What to do
Return the data exactly, without pictures.

Dataset content
---*---
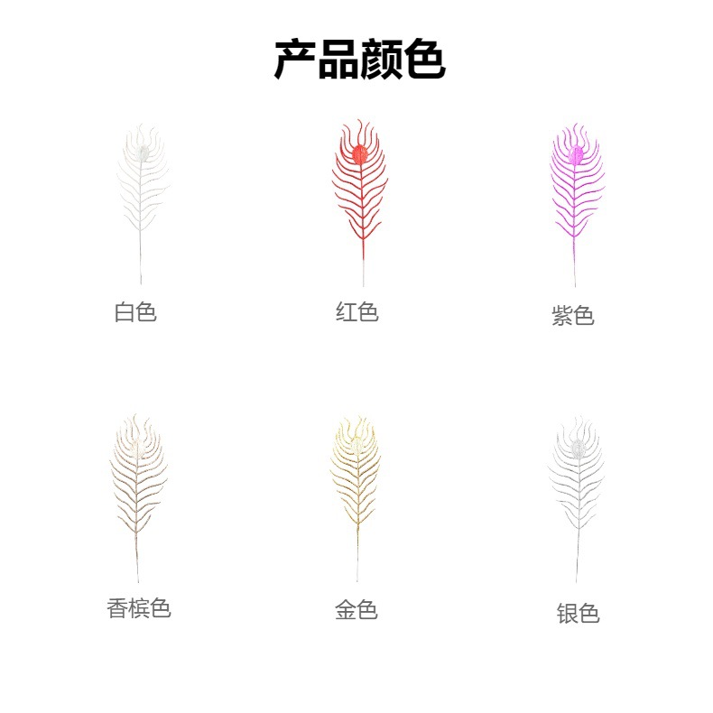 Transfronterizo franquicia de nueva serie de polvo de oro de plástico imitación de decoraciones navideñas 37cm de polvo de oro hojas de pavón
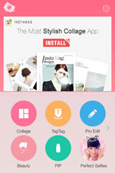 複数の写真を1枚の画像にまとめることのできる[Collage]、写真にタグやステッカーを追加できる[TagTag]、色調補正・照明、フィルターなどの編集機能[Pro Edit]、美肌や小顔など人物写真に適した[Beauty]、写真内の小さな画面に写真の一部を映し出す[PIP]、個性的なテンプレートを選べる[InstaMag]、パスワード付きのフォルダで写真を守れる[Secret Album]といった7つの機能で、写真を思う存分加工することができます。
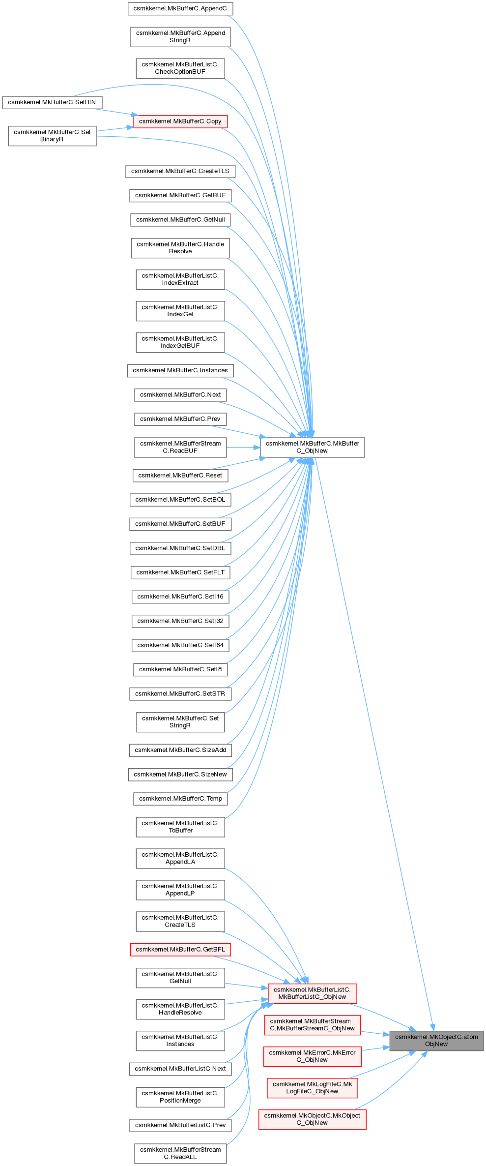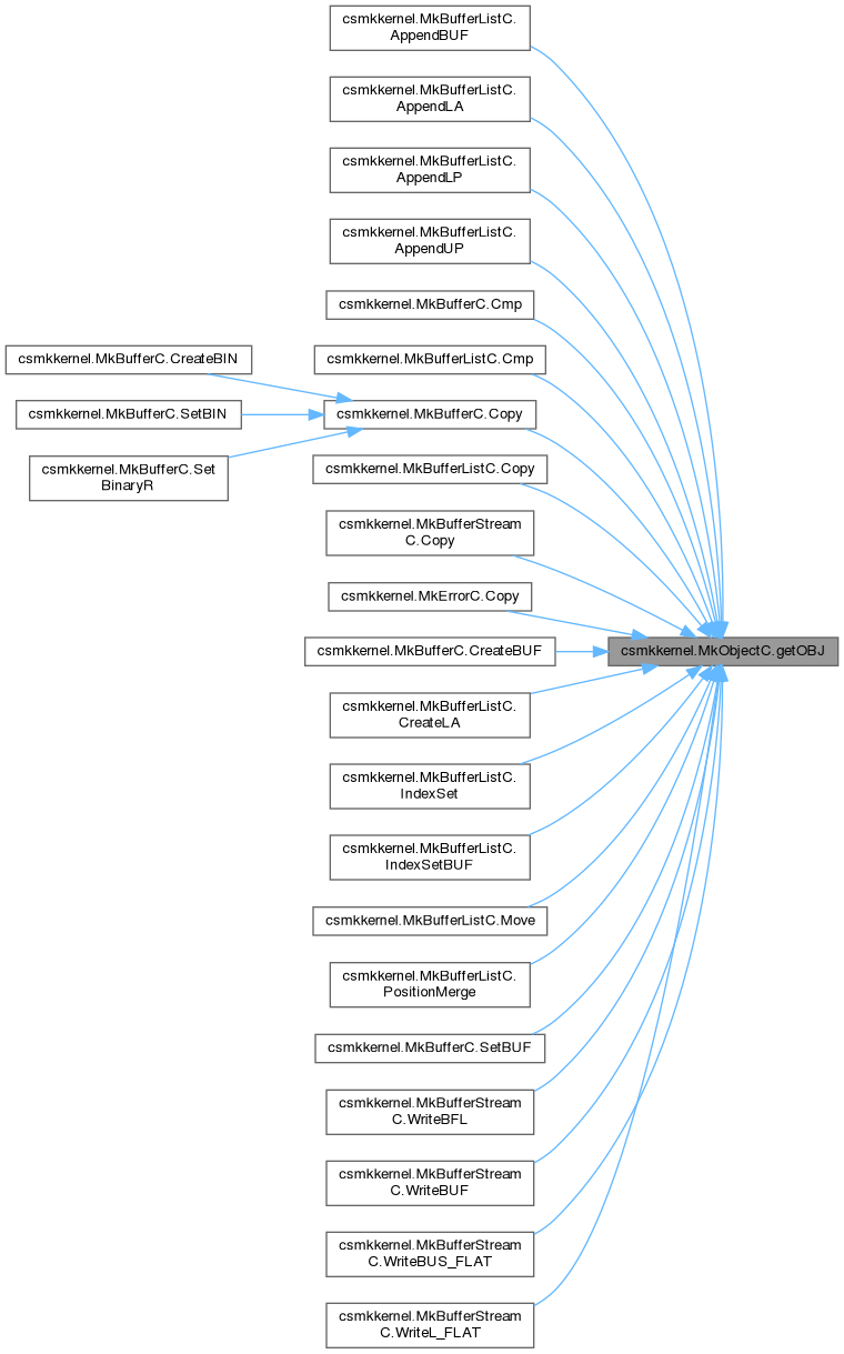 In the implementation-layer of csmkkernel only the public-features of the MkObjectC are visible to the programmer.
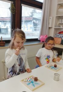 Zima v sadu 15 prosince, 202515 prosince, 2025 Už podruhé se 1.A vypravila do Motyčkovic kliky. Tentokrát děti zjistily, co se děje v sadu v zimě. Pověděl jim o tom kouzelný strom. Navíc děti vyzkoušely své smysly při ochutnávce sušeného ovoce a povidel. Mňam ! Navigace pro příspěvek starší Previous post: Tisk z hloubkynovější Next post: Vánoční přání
---*---
Response for this exercise
 Transfronterizo franquicia de nueva serie de polvo de oro de plástico imitación de decoraciones navideñas 37cm de polvo de oro hojas de pavón
 複数の写真を1枚の画像にまとめることのできる[Collage]、写真にタグやステッカーを追加できる[TagTag]、色調補正・照明、フィルターなどの編集機能[Pro Edit]、美肌や小顔など人物写真に適した[Beauty]、写真内の小さな画面に写真の一部を映し出す[PIP]、個性的なテンプレートを選べる[InstaMag]、パスワード付きのフォルダで写真を守れる[Secret Album]といった7つの機能で、写真を思う存分加工することができます。
 In the implementation-layer of csmkkernel only the public-features of the MkObjectC are visible to the programmer.
 Zima v sadu 15 prosince, 202515 prosince, 2025 Už podruhé se 1.A vypravila do Motyčkovic kliky. Tentokrát děti zjistily, co se děje v sadu v zimě. Pověděl jim o tom kouzelný strom. Navíc děti vyzkoušely své smysly při ochutnávce sušeného ovoce a povidel. Mňam ! Navigace pro příspěvek starší Previous post: Tisk z hloubkynovější Next post: Vánoční přání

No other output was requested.